WizardLM 1.0 Uncensored LLaMA2 13B GGUF

Property	Value
Parameter Count	13B
Base Model	LLaMA2
License	LLaMA2
Creator	Eric Hartford
Quantizer	TheBloke

What is WizardLM-1.0-Uncensored-Llama2-13B-GGUF?

This model is a specially quantized version of Eric Hartford's WizardLM 1.0 Uncensored LLaMA2 13B, designed for efficient deployment across various hardware configurations. It's based on the original WizardLM-13B-V1.0 but retrained with a filtered dataset to reduce refusals, avoidance, and inherent biases while maintaining high performance.

Implementation Details

The model is available in multiple GGUF quantizations ranging from 2-bit to 8-bit precision, offering different tradeoffs between model size, memory usage, and quality. The GGUF format represents a significant advancement over the previous GGML format, providing improved tokenization, special token support, and extensible metadata capabilities.

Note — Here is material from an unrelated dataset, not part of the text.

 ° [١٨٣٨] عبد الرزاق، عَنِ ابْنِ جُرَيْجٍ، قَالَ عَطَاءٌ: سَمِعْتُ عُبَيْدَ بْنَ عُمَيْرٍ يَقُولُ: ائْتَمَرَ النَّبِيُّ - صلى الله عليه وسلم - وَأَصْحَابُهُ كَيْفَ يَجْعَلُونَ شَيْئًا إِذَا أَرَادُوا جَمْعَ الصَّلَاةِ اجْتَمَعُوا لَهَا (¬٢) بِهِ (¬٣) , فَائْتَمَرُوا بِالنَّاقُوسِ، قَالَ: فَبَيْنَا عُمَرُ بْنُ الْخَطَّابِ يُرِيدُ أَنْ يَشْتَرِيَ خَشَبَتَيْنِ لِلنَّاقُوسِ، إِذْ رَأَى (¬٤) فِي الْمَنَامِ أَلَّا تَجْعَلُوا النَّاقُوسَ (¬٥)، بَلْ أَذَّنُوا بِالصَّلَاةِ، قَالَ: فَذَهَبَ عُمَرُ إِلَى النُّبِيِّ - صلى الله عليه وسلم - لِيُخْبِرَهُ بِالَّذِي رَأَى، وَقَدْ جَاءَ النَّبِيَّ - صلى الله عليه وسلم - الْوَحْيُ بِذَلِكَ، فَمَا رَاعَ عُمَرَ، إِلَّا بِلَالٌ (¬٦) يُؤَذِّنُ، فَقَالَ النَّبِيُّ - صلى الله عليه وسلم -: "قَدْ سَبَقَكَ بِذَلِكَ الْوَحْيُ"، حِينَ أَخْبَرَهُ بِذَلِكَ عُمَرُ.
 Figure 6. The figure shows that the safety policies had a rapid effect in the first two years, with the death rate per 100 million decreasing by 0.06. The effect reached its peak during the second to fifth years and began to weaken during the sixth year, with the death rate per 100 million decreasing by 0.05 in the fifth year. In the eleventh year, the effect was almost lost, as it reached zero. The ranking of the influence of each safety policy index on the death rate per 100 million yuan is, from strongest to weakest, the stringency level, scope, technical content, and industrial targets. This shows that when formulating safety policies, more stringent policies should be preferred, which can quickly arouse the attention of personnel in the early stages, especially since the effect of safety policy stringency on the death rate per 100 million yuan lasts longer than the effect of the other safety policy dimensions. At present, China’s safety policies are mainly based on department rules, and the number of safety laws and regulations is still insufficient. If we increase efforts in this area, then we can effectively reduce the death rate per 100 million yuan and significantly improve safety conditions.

Multiple quantization options from 5.43GB (Q2_K) to 13.83GB (Q8_0)
Supports both CPU and GPU inference with layer offloading
Uses Vicuna 1.1-style prompting format
Compatible with various front-ends including text-generation-webui and LM Studio

Core Capabilities

Reduced ethical constraints compared to base WizardLM while maintaining LLaMA2's core capabilities
Flexible deployment options across different hardware configurations
Support for extended context lengths with automatic RoPE scaling
Integration with popular frameworks like LangChain

Frequently Asked Questions

Q: What makes this model unique?

This model combines the powerful WizardLM architecture with reduced constraints while providing highly efficient GGUF quantization options for practical deployment. It maintains performance while offering significantly reduced model sizes.

Q: What are the recommended use cases?

The model is particularly suited for applications requiring more direct and unrestricted responses, while being deployable on consumer hardware. The Q4_K_M and Q5_K_M quantizations are recommended for balanced performance and efficiency.